Minister of Tribal Welfare Government of Andhra Pradesh
- In office 25 May 2009 – 1 March 2014
- Governor: N. D. Tiwari; E. S. L. Narasimhan;
- Chief Minister: Y. S. Rajasekhara Reddy; Konijeti Rosaiah; Kiran Kumar Reddy;
- Preceded by: K S Redya Naik
- Succeeded by: President's Rule

Member of Legislative Assembly Andhra Pradesh
- In office 2009–2014
- Preceded by: Lake Rajarao
- Succeeded by: Giddi Eswari
- Constituency: Paderu

= Pasupuleti Balaraju =

Indian politician

Pasupuleti Balaraju (born 12 June 1964) is an Indian politician and a legislator from Andhra Pradesh, India. He belongs to YSRCP Party and he worked in Indian National Congress party.

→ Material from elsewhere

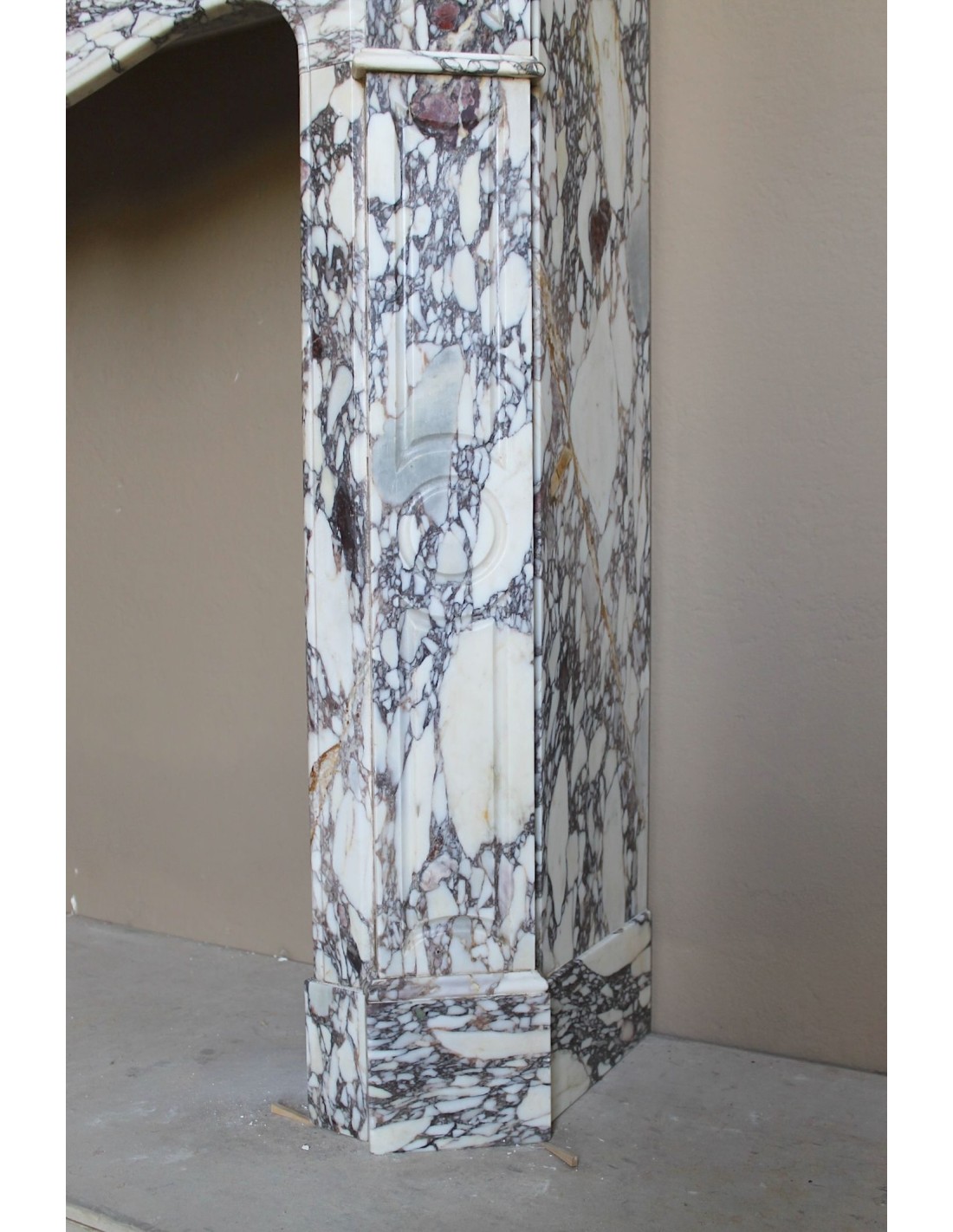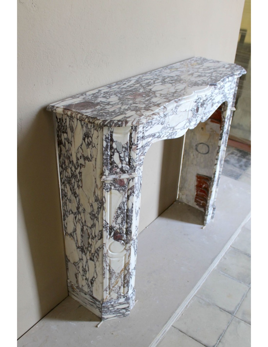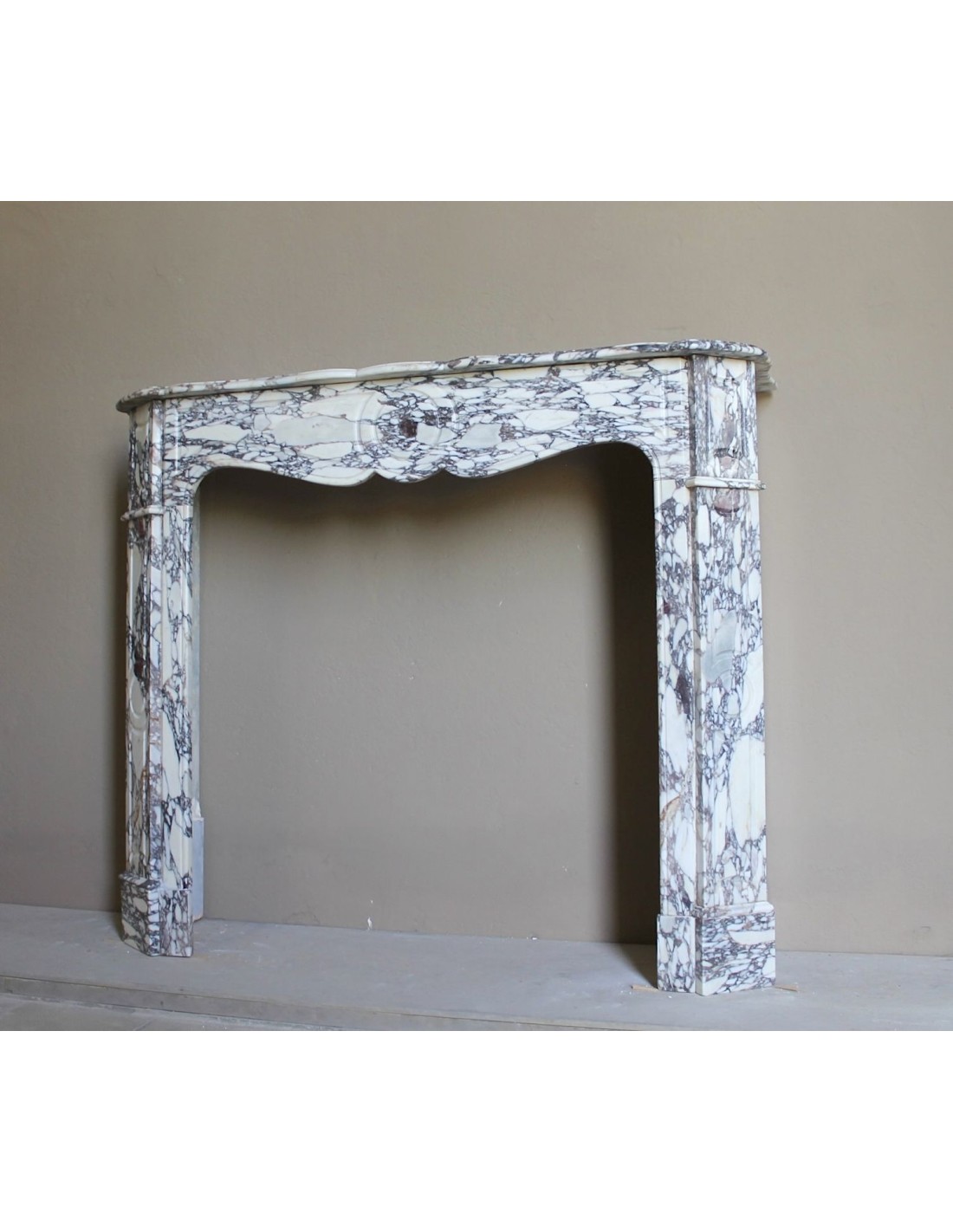 053 LOUIS XV “POMPADOUR PLAT” FIREPLACE MANTEL CARVED IN EXTREMELY RARE BRECCIA VIOLETTA MARBLE

He is a former minister for Tribal welfare in the Government of Andhra Pradesh.

==Early life ==
Pasupuleti Balaraju was born in Gudem Kotha Veedhi mandal in Visakhapatnam district of Andhra Pradesh. He earned a master's degree in Arts from Annamalai University. Before entering into politics he worked as Conductor, Teacher & Coffee board president. He entered into politics at the age of 25 as mandal president.

==Political career==
Pasupuleti Balaraju was elected to the Andhra Pradesh legislative assembly from the Chintapalle constituency in 1989 and from Paderu constituency in 2009 in Visakhapatnam district of Andhra Pradesh on Indian National Congress party ticket. He became a minister in the cabinets of Y. S. Rajasekhara Reddy and N. Kiran Kumar Reddy holding Tribal Welfare portfolio. He served as the Minister for rural and interior development and Tribal Welfare in the government of Andhra Pradesh during 2009–2014.